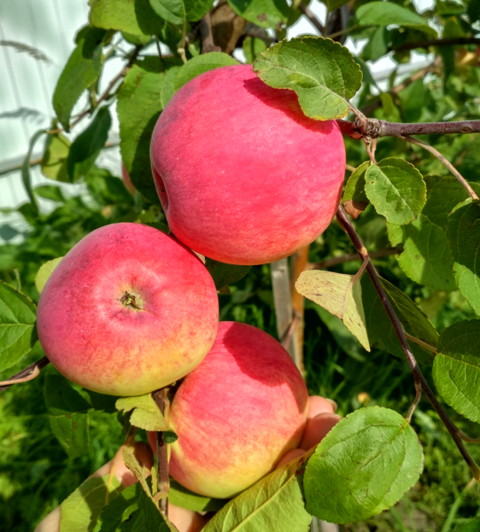 - Яблоко легко отделяется от плодоножки при подъеме и легком повороте (не нужно тянуть с усилием).
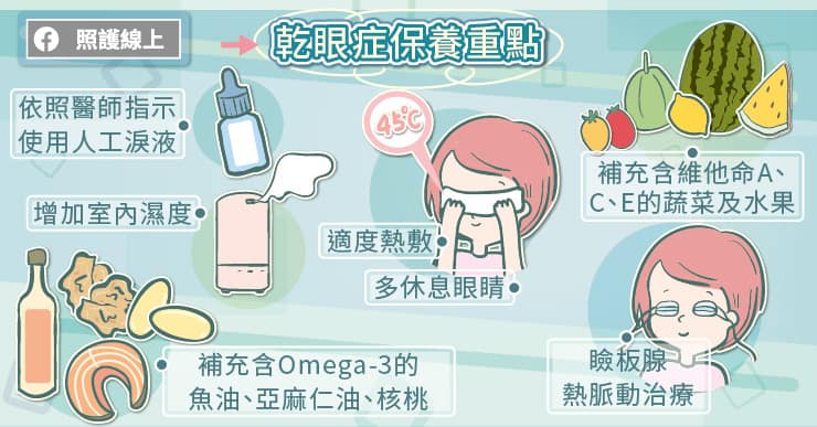 3. 飲食方面,可適量補充含Omega-3的魚油、亞麻仁油、核桃,這些屬於不飽和脂肪酸。同時,記得多攝取含維他命A、C、E的蔬菜及水果,也會有幫助。
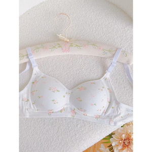 小白碎花 轻薄款无痕内衣女小胸聚拢显胸小无钢圈学生文胸罩
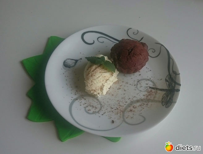) шоколадный фондан (такие кексики с жидкой начинкой). Так вот, на обед был он самый и шарик мороженого.
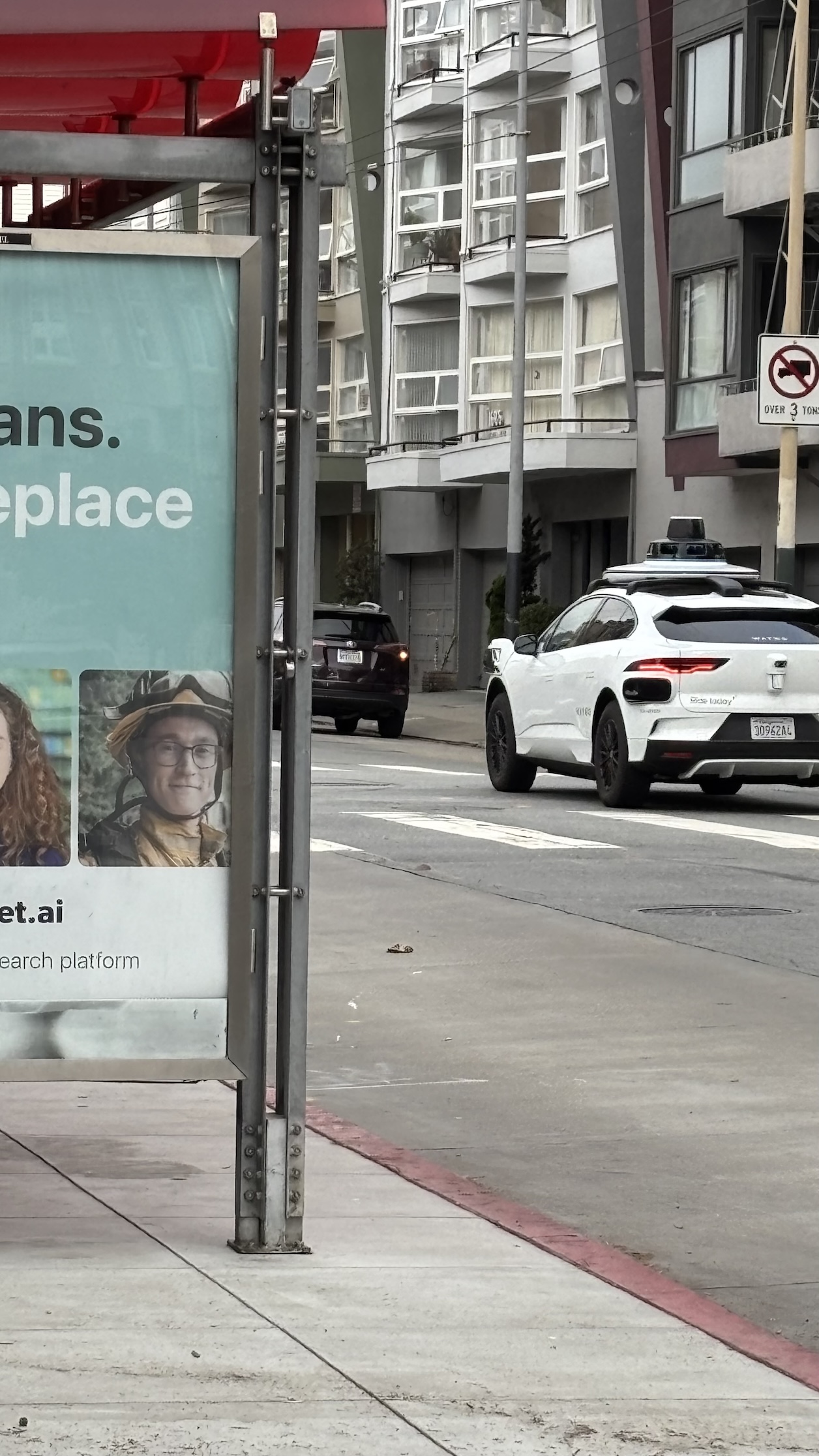 [ Hover on above ¶s for the original in English - translation into Deutsch rendered to me by Claude; below, the irony of Waymi passing by this MUNI bus stop signage... ]

_Assignment:_
The records above should be written out in full and unchanged, except that pictures are dropped.

_Finished exercise:_
 - Яблоко легко отделяется от плодоножки при подъеме и легком повороте (не нужно тянуть с усилием).
 3. 飲食方面,可適量補充含Omega-3的魚油、亞麻仁油、核桃,這些屬於不飽和脂肪酸。同時,記得多攝取含維他命A、C、E的蔬菜及水果,也會有幫助。
 小白碎花 轻薄款无痕内衣女小胸聚拢显胸小无钢圈学生文胸罩
) шоколадный фондан (такие кексики с жидкой начинкой). Так вот, на обед был он самый и шарик мороженого.
 [ Hover on above ¶s for the original in English - translation into Deutsch rendered to me by Claude; below, the irony of Waymi passing by this MUNI bus stop signage... ]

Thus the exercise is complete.